Blaine F. Fabian, P.M., Editor

I wonder, when you read The Pennsylvania Freemason, if you have some of the same kinds of thoughts as I do; feel fraternal emotions when reading about our brothers' involvements in the Fraternity and the community, and experience a sense of gratitude for the values and benefits that are ours and our families because we are Masons?

I suspect most Masons do; but seldom do we extol it. What do we say if an inquiring friend asks, "Why should I be a Mason?" Or how, with brotherly love and affection, do we approach a dues-delinquent brother to remind him of the benefits that would be lost and offer the assistance of the lodge if there is a need for help. The gist of the answers to such questions is reflected in the lives and deeds of Masons ­ of you and me as Masons of today bolstered by what came before us in the historic lives and deeds of our predecessors.

The values, traditions, and principles that are so strong in Freemasonry and so vital in our lives today have existed "from time immemorial." We harken to Craft Masonry with its guilds of stonemasons in the Middle Ages as being a root from which the modern Masonic brotherhood evolved. The operative masons worked for perfection to become masters at their craft; to teach, guide, aid and assist their fellows; to show concern for families and widows ­ their own and those of their fellow workers -- and to make the communities better. Our ancestors in America among the colonists, the framers of our nation, and so many brethren through the generations carried forth the traditions and principles for us to cherish and uphold.

Our concerns -- values and benefits, if you will -- are the same today; but they're the "old and the new" crafted for the 21st century.

It's easy to tell someone about the good that we strive so diligently to do for others: Like all the wonderful services, facilities and care at the Masonic Homes; how "Masons Care" for youth through the Youth Foundation and seek to help those at-risk through the Children's Foundation; that Masons of North America contribute some two million dollars a day, every day, toward charitable causes; that there are scholarships galore, home assistance, emergency aid and loans, and community outreach. We can readily grasp and relate the importance of the human services aspects and how they benefit us personally. As one brother so aptly said: "We all have insurance policies covering any imaginable event that may occur in our lives.... my membership provides assurance, not insurance, that I, along with my family, could receive benefits not emphasized frequently enough to prospective members and members who may be about to have their membership lapse."
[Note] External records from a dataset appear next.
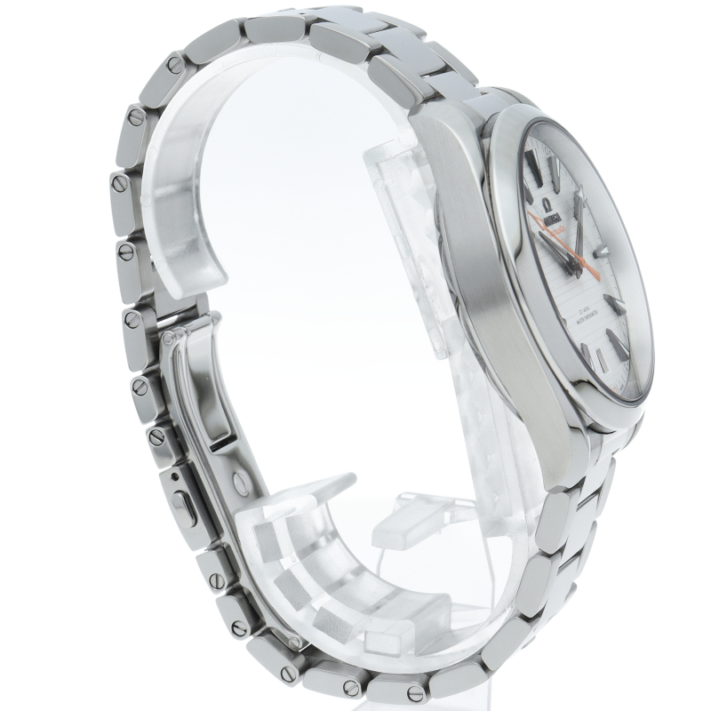 海に携わってきたオメガの長い歴史を代表する「シーマスター アクアテラ」コレクション。シルバーのダイアルは豪華ヨットのウッドデッキをイメージさせる印象的なデザインです。スイス連邦計量・認定局(METAS)認定のオメガコーアクシャルマスタークロノメーター キャリバー8900搭載。
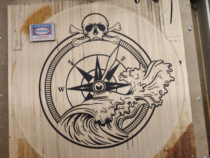 3. Отфрезеровал рисунок гравировальной 45° фрезой(комплектная, других на тот момент не было) .
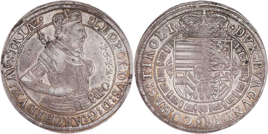 Tolar 1632, Hall, M-A.129, KM.629.2, M-T.473, světský šat, znak s řádem Zlatého rouna, koruna bez perel, ".TIROLI.", 28.428g, dr.vady raz., nedor., pěkná pat.
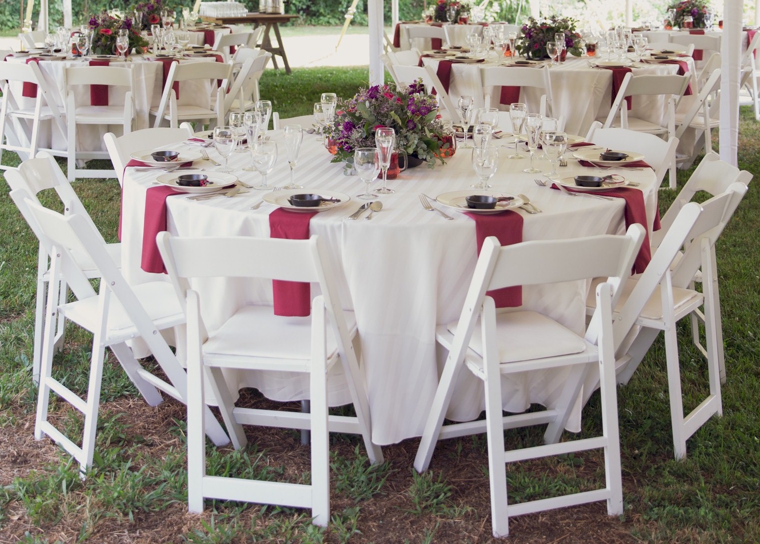 Simple setting with white party chairs and white stripe tablecloths
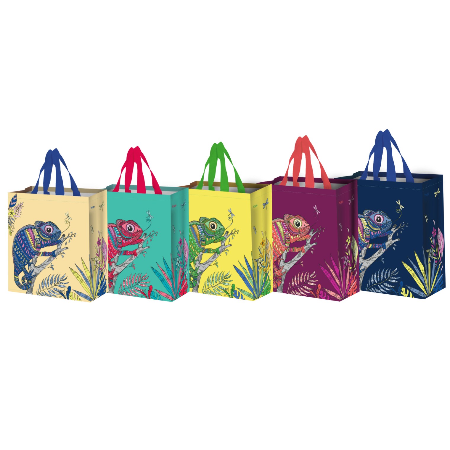 Torba 14 l Kameleon Mix 5 kolorów Masa netto:52 g Producent: FRASPO Przepiękna torba zakupowa z motywem kameleonów – mix kolorów wysyłany losowo
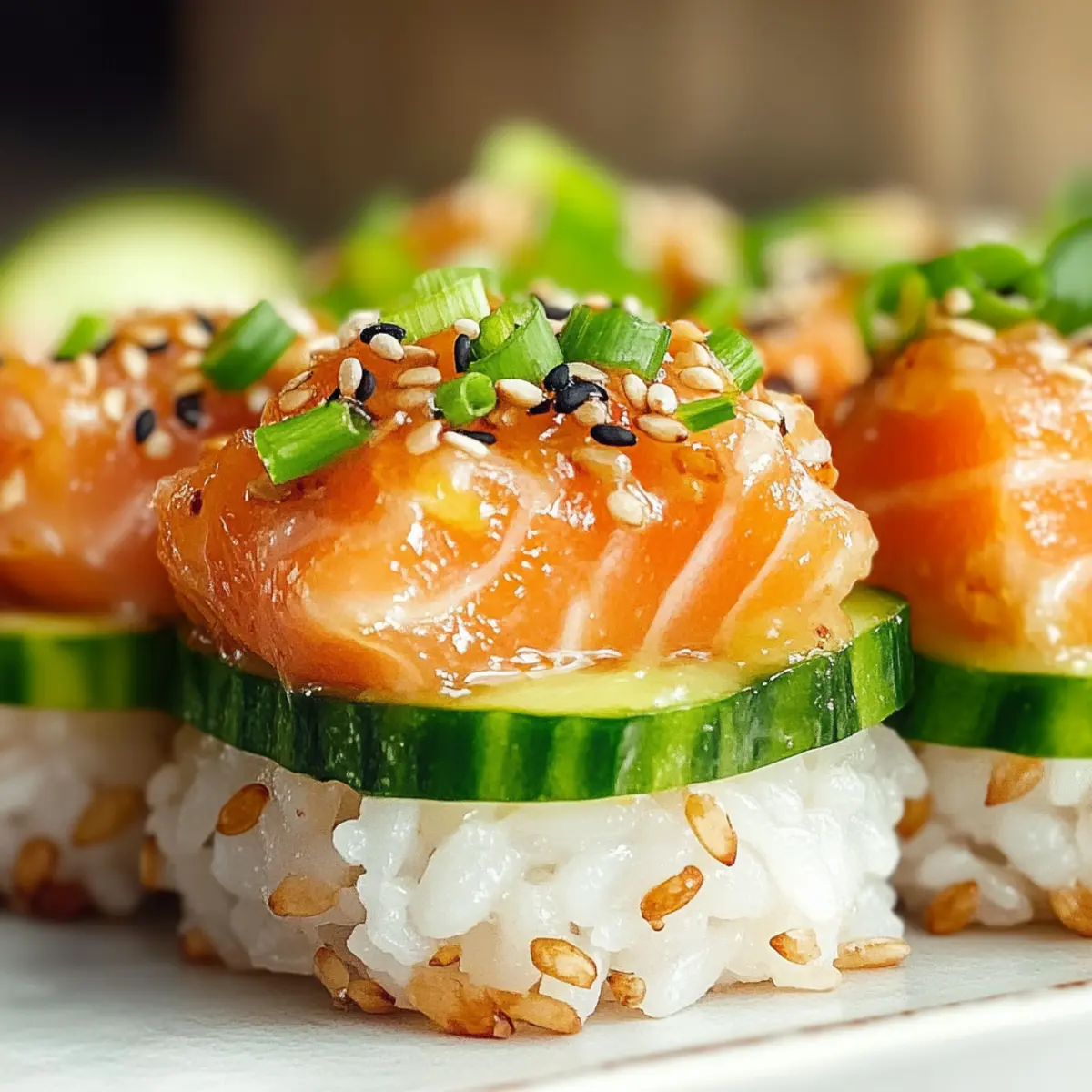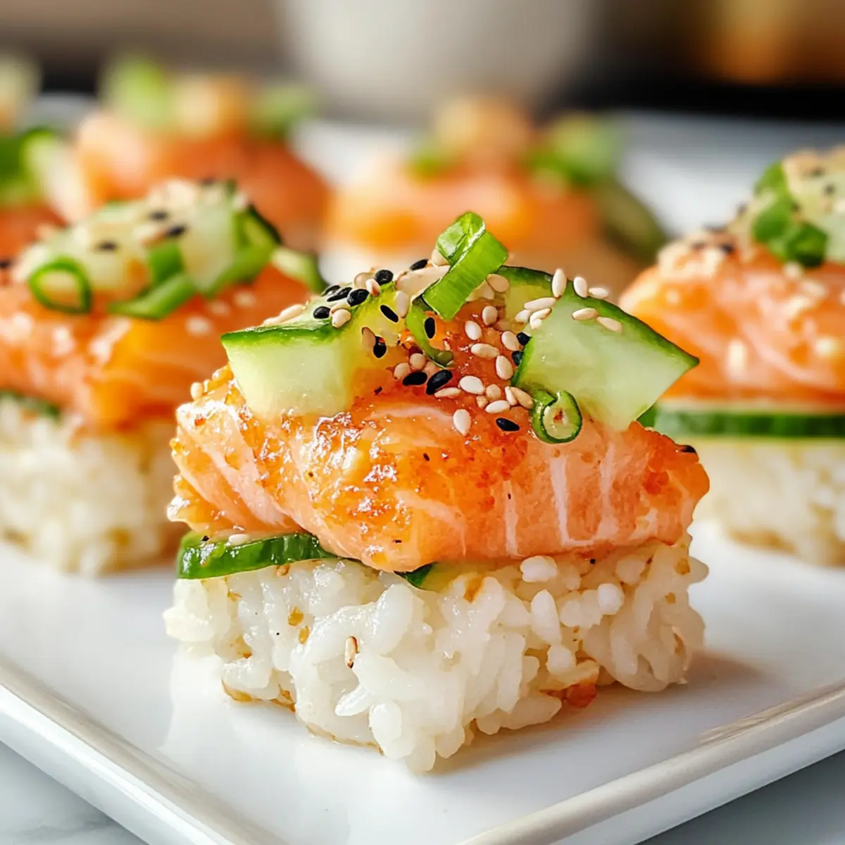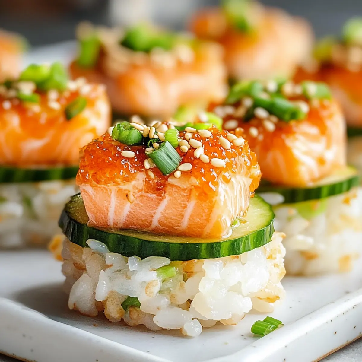 Eines Abends, als ich die hellen Lichter der Stadt bewunderte, überkam mich das Verlangen nach einem Snack, der sowohl köstlich als auch innovativ ist. So entstand die Idee für meinen Knusprigen Reis Lachs! Diese kleinen Häppchen sind eine aufregende Mischung aus frisch gefangenem Lachs und dem spritzigen Geschmack von Yuzu Kosho, auf knusprigem, goldbraunem Sushi-Reis serviert. Ideal für ein geselliges Beisammensein oder einfach, um den kleinen Hunger zu stillen, bieten sie eine perfekte Kombination aus Textur und Geschmack. Darüber hinaus sind sie glutenfrei und lassen sich in kürzester Zeit zubereiten. Hast du Lust, dein eigenes Sushi-Abenteuer zu beginnen? Lass uns gemeinsam in die Welt der knusprigen Leckereien eintauchen! Warum wirst du dieses Rezept lieben? Einfachheit: Die Zubereitung ist unkompliziert und erfordert nur grundlegende Kochfähigkeiten, sodass du dich ganz auf den Genuss konzentrieren kannst. Knusprige Textur: Der perfekt gebratene Sushi-Reis sorgt für einen unwiderstehlichen Crunch, während die cremige Lachsfüllung ein harmonisches Geschmackserlebnis bietet. Vielseitigkeit: Du kannst das Rezept leicht anpassen, indem du zum Beispiel Lachs durch Thunfisch ersetzt, um neue Geschmäcker zu entdecken. Zeitersparnis: In nur wenigen Schritten erhältst du ein beeindruckendes Gericht, das selbst Gäste in Staunen versetzen wird. Gesunde Wahl: Mit einer Portion von etwa 238 Kalorien ist dies eine nahrhafte Option, die reich an Eiweiß ist und dich langfristig sättigt. Ideal für jeden Anlass: Ob als Fingerfood für Partys oder als schneller Snack – diese kleinen Häppchen sind der perfekte Publikumsmagnet! Knuspriger Reis Lachs Zutaten Für den Reis • Sushi-Reis – Bietet die perfekte Basis für diesen knusprigen Snack; verwende kurzen, trockenen Sushi-Reis und spüle ihn, bis das Wasser klar ist. • Wasser – Essentiell zum Kochen des Reis. • Salz – Verstärkt den Geschmack des Reises. • Reisessig – Fügt Säure hinzu, um die Süße auszugleichen. • Zucker – Fügt der Reismischung eine leichte Süße hinzu. • Geröstetes Sesamöl – Verleiht dem Reis einen nussigen Geschmack. Für den Lachs • Lachs – Sushi-Qualität Lachs ist der Hauptdarsteller, der frischen und reichen Geschmack bietet. • Kewpie-Mayonnaise – Sorgt für eine cremige Konsistenz in der Lachsfüllung. • Yuzu Kosho – Eine würzige Paste aus Yuzu-Zitrusfrüchten und Chili, die Helligkeit und Schärfe bringt. • Yuzu-Saft – Frischer Zitrusgeschmack, der den Lachs ergänzt. • Sojasauce – Fügt Umami und Salzgehalt zur Lachsmischung hinzu. • Sesamöl – Verstärkt den Geschmack. Für die Garnitur • Gurken – Für die Garnitur; sorgt für Frische und Knusprigkeit. • Geröstete Sesamsamen – Liefert Textur und visuelle Attraktivität. • Frühlingszwiebeln – Für die Garnitur; gibt einen Hauch von Zwiebelgeschmack. Mit dieser Auswahl an hochwertigen Zutaten kannst du deinen knusprigen Reis Lachs wunderbar zubereiten und ein geschmackliches Erlebnis schaffen, das begeistert! Schritt-für-Schritt-Anleitung für Knuspriger Reis Lachs Step 1: Reis vorbereiten Spüle den Sushi-Reis gründlich unter kaltem Wasser, bis das Wasser klar ist. Koche den Reis anschließend in einem Reiskocher oder auf dem Herd mit der entsprechenden Wassermenge für etwa 20 Minuten, bis er weich und klebrig ist. Achte darauf, dass der Reis nicht anbrennt; eine mittlere Hitze ist ideal. Step 2: Reis würzen Mische in einer Schüssel Salz, Reisessig, Zucker und geröstetes Sesamöl zu einer glatten Paste. Diese Mischung dann vorsichtig unter den warmen, gekochten Reis heben, bis der Reis gleichmäßig gewürzt ist. Der Reis sollte glänzend und aromatisch sein, bevor du mit dem nächsten Schritt fortfährst. Step 3: Formen und kühlen Verteile den gewürzten Reis gleichmäßig in einer mit Backpapier ausgelegten Auflaufform. Drücke den Reis mit einem feuchten Löffel auf eine Dicke von etwa 1,5 cm zusammen. Decke die Form mit Frischhaltefolie ab und stelle sie für mindestens 3 Stunden oder über Nacht in den Kühlschrank, damit der Reis fest wird. Step 4: Reis schneiden Nachdem der Reis gut gekühlt ist, nimm ihn aus dem Kühlschrank und schneide ihn mit einem scharfen Messer in gleichmäßige, fingertip-große Rechtecke. Tupfe die Stücke vorsichtig mit einem Küchentuch trocken, um überschüssige Feuchtigkeit zu entfernen, was für einen besseren Crunch sorgt. Step 5: Reis anbraten Erhitze in einer großen Pfanne bei mittlerer Hitze ausreichend Öl, sodass der Boden bedeckt ist. Brate die Reiskekse für etwa 2 Minuten auf jeder Seite, bis sie goldbraun und knusprig sind. Achte darauf, die Stücke nicht zu überfüllen, damit sie gleichmäßig braten können, und lasse sie anschließend auf einem Kuchengitter abtropfen. Step 6: Lachs mischen In einer Schüssel den fein gehackten Lachs, Kewpie-Mayonnaise, Yuzu Kosho, Yuzu-Saft, Sojasauce und etwas Sesamöl gut vermengen. Die Mischung sollte cremig und gut gewürzt sein, um den perfekten Geschmack für die Knusprigen Reis Lachs-Häppchen zu erzielen. Step 7: Anrichten Lege die knusprigen Reisteile auf einen Servierteller. Platziere darauf einige Gurkenscheiben und füge die würzige Lachsmischung großzügig darüber. Zum Schluss mit gerösteten Sesamsamen und fein gehackten Frühlingszwiebeln garnieren, um dem Gericht eine frische und ansprechende Note zu verleihen. Meal Prep für Knuspriger Reis Lachs Die Zubereitung von Knusprigem Reis Lachs ist optimal für Meal Prep und spart dir wertvolle Zeit an hektischen Wochentagen! Du kannst den Sushi-Reis bis zu 24 Stunden im Voraus zubereiten und kühl stellen, sodass er perfekt zum Schneiden und Braten ist. Die gewürzte Reismischung sollte in einer Auflaufform verteilt und abgedeckt für mindestens 3 Stunden oder über Nacht gekühlt werden, um die Struktur zu festigen. Wenn du bereit bist, zu servieren, einfach die Reiskekse anbraten und die Lachsmischung zubereiten, die frisch un
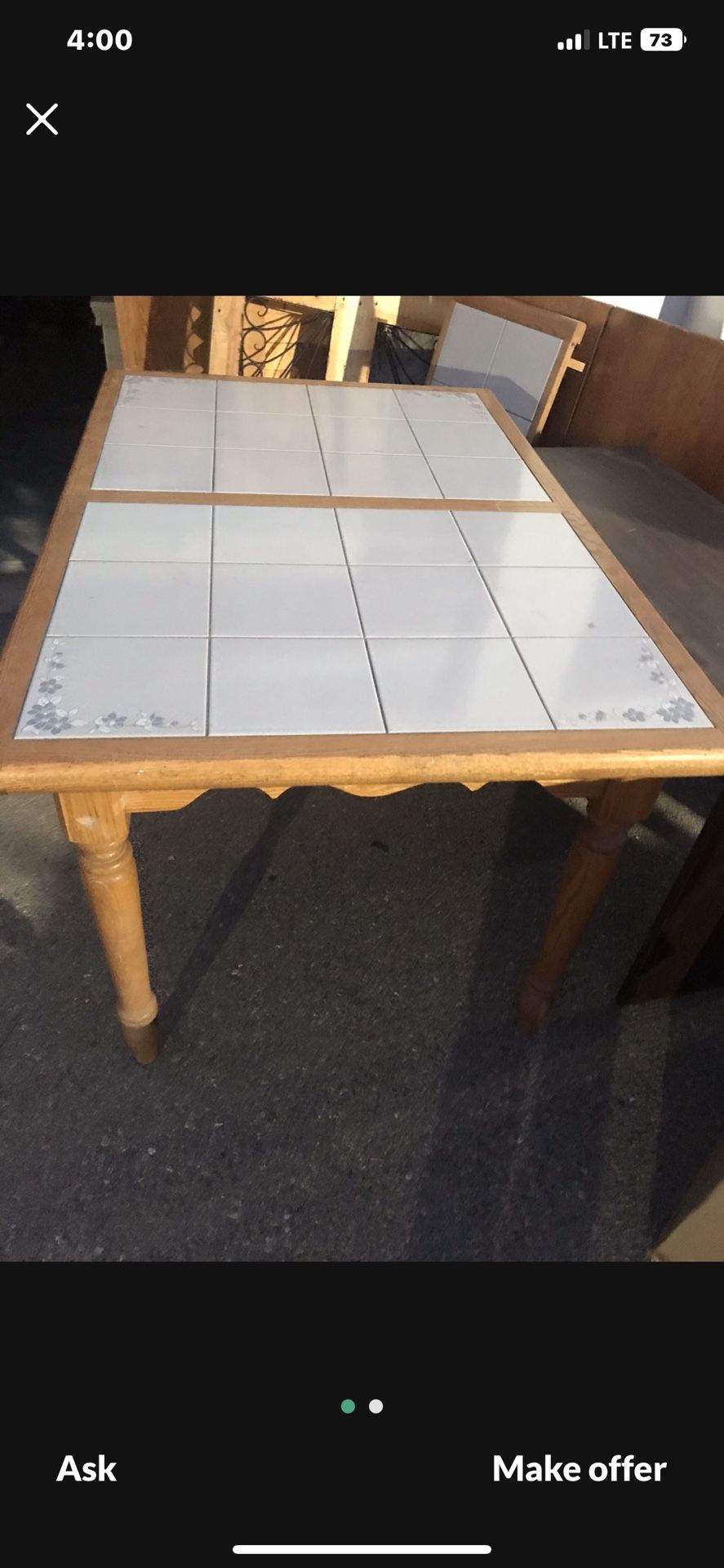 Dinning table has 6 chairs The top of the table has beautiful ceramic tiles Solid wood Has extension Sturdy Good condition Pick up westside Delivery available

But, we have to pause every now and then to remind ourselves of so many other very valuable benefits that are important to each of us personally. They are more difficult to express in words and obviously less likely to impress another person until he experiences them. I call them intangible benefits, some of which are: the fellowship, bonding, and networking unique among brethren; character-building and personal development; education and leadership training, and civic concern and community involvement. The personal benefits, satisfaction, and gratification inherent in the unique brotherhood of Freemasonry are immeasurable ­ almost indescribable.

So, if you have some of the same kinds of thoughts as I do when you read the words and look at the pictures in each issue of The Pennsylvania Freemason, you can "see" brethren being Masons, enjoying Masonry as a "Way of Life," and benefitting from what they give and what they gain in Freemasonry. They are living, sharing, and extolling "The Values of Brotherhood." Can we communicate those values Friend to Friend/Brother to Brother?